I like the idea they mentioned of "a browser made up of composable components, protocol handlers separate from primary document renderers separate from attachment handlers", and I had the same idea. (Not all browsers will have to be implemented in this way, and they are not necessarily all the same, but this can be helpful when you want this.)

There can be two kind of extensions, sandboxed VM codes (e.g. WebAssembly) and native codes; the app store will only allow sandboxed VM codes, and any native codes that you might want must be installed and configured manually.

There is also the issue of such things as: identification of file formats (such as MIME), character sets, proxies, etc.

I hade made up Scorpion protocol and file format which is intended to be between Gemini and "WWW as it should be if it was designed better". This uses ULFI rather than MIME (to avoid some of the issues of MIME), and supports TRON character code, and the Scorpion conversion file can be used to specify a way to handle unknown file formats (there are several ways that this can be specified, including by a uxn code).

So, an implementation can be versatile to support things that can be useful beyond only MIME and Unicode etc.

Adding some additional optional specifications to WWW might also help, e.g. a way to specify that certain parts of the document are supposed be overridden by the user specifications in the client when they are available (although in some cases the client could guess, e.g. if a CSS only selects by HTML commands and media queries and not by anything else (or no CSS at all), then it should be considered unnecessary and the user's specifications of CSS can be used instead if they have been specified). Something like the Scorpion conversion file would be another possibility to have, possibly by adding a response header.

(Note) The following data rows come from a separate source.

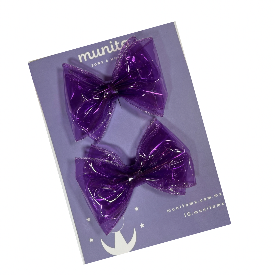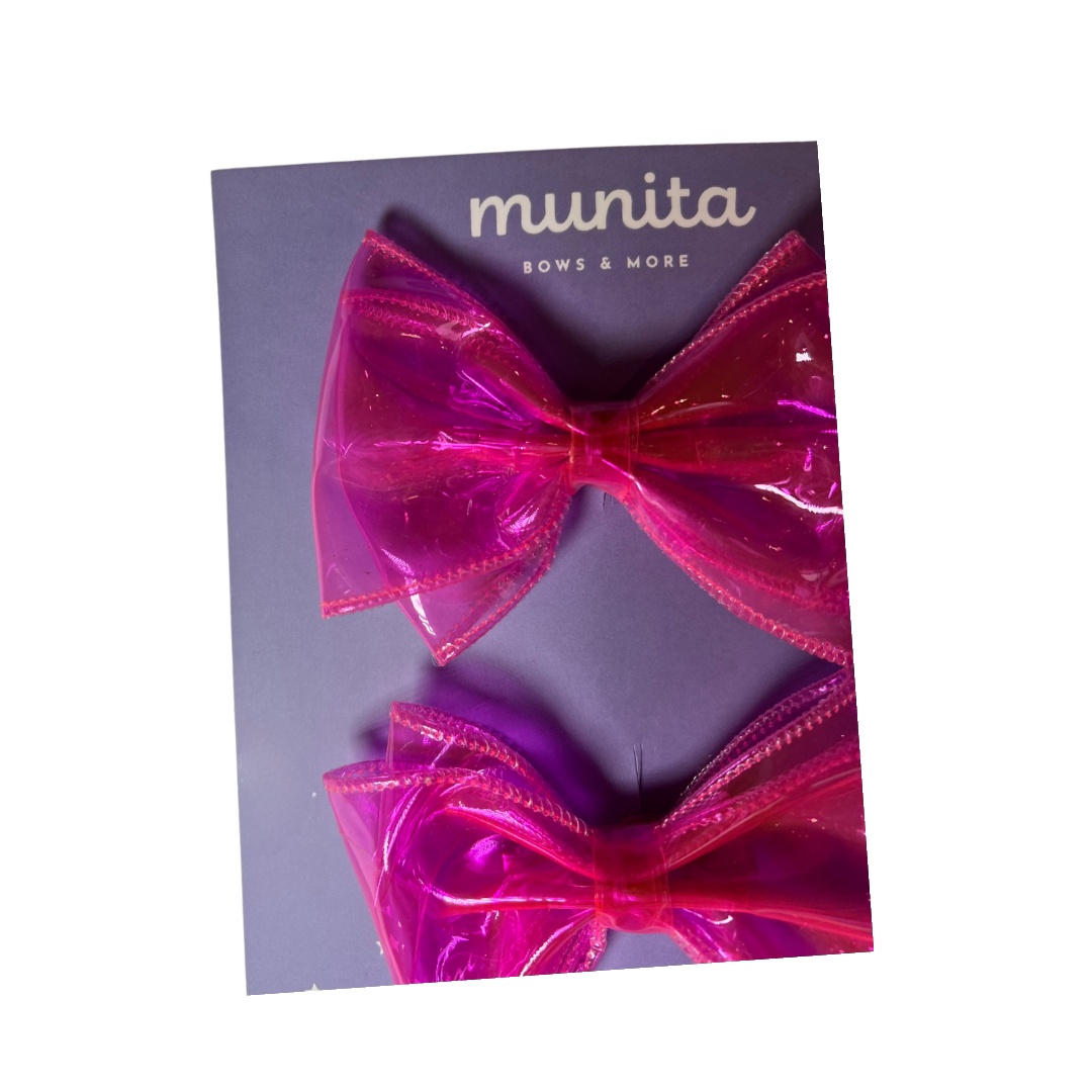 Par de moñitos para colita de aprox 7 cms de largo en colores fosfo fuscia, morado,azul,naranja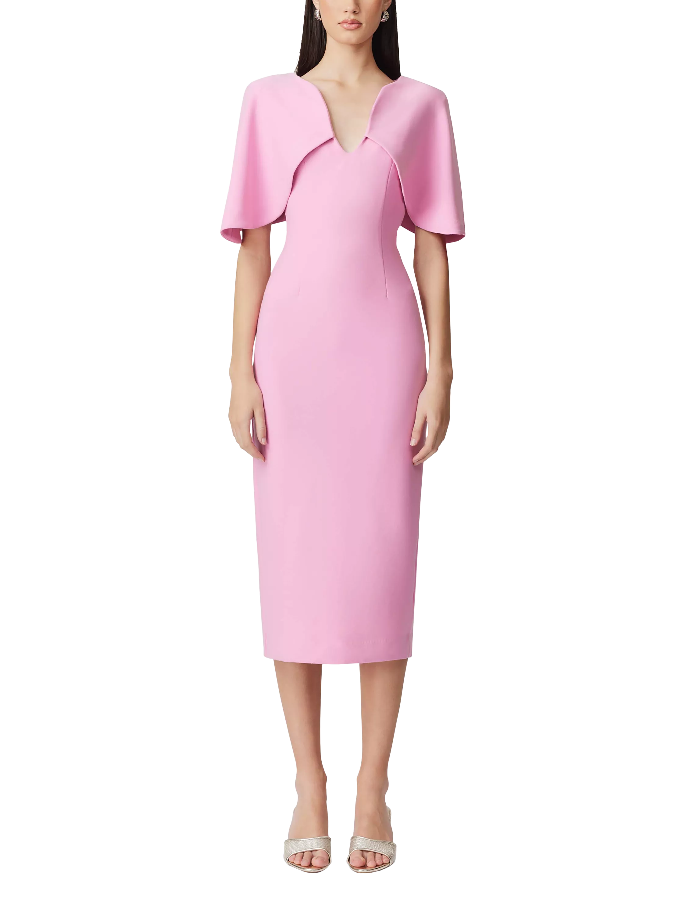 Carved out to a stunning straight shape with waist panelling, this mid-length dress from Elliatt comes in a soft stretchy fabric. With a curved plunge v-neckline and cape sleeves, it's stunning formal wear style.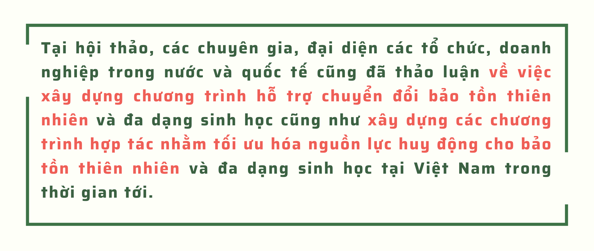Cũng tại hội thảo, các chuyên gia cùng chia sẻ kinh nghiệm thực tế và khuôn khổ chính sách có thể thúc đẩy nền kinh tế bền vững song song với bảo tồn di sản thiên nhiên. Các đại biểu cũng đã tham gia thảo luận về chủ đề “Nền kinh tế dựa vào thiên nhiên và vai trò của thiên nhiên trong việc duy trì sự thịnh vượng của nền kinh tế" và toạ đàm “Xây dựng chương trình hỗ trợ chuyển đổi bảo tồn thiên nhiên và đa dạng sinh học tại Việt Nam”.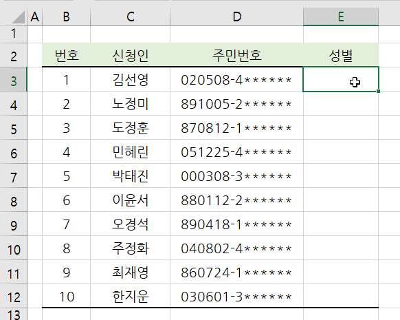 여기서 주민번호 정보만으로 성별을 구해보겠습니다.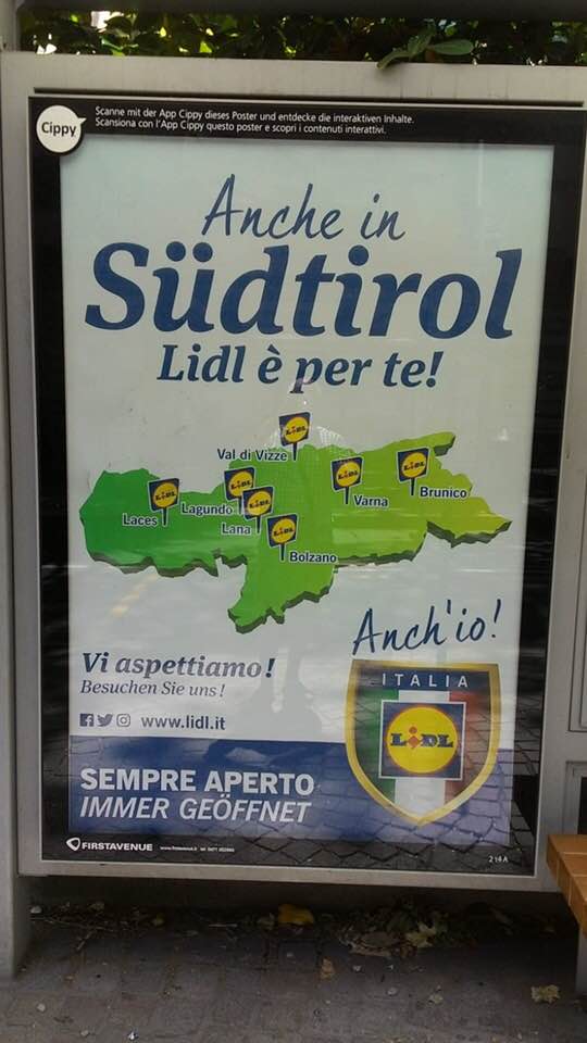 Lidl wirbt an diversen Bushaltestellen im Land mit dem Spruch „Anche in Südtirol Lidl è per te!“. Der Slogan und die Ortsbezeichnungen sind in italienisch gehalten, der Rest des Plakates in beide Landessprachen übersetzt.

The previous "Google is killing the open web" article also mentions some similar things, but also a few others:

> in 2015, the WHATWG introduces the Fetch API, purportedly intended as the modern replacement for the old XMLHttpRequest; prominently missing from the new specification is any mention or methods to manage XML documents, in favor of JSON

Handling XML or JSON should probably better be a separate function than the function for downloading files, though. (Also, DER is better for many things)

> in 2024, Google discontinues the possibility to submit RSS feeds for review to be included in Google News

This is not an issue having to do with web browsers, although it is related to the issues that do have to do with web browsers (not) handling RSS.

> in 2025, Google announces a change in their Chrome Root Program Policy that within 2026 they will stop supporting certificate with an Extended Key Usage that includes any usage other than server [...]; this effectively kills certificates commonly used for mutual authentication

While I think they should not have stopped supporting such certificates (whoever the certificate is issued to probably should better make their own decision), it is usually helpful to use different certificates for client authentication anyways, so this is not quite as bad as they say, although it is still bad.

(X.509 client authentication would also have many other benefits, which I had described several times in the past.)

> in 2021, Google tried to remove [alert(), prompt(), and confirm()], again citing “security” as reason, despite the proposed changes being much more extensive than the purported security threat, and better solutions being proposed

Another issue is blocking events and JavaScript execution (which can sometimes be desirable; in the case of frames it should be better to only block one frame though), and modal dialog boxes potentially blocking other functions in the browser (which is undesirable). For the former case, there other other things that can be done, though, such as a JavaScript object that controls the execution of another JavaScript context which can then be suspended like a generator function (without needing to be a generator function).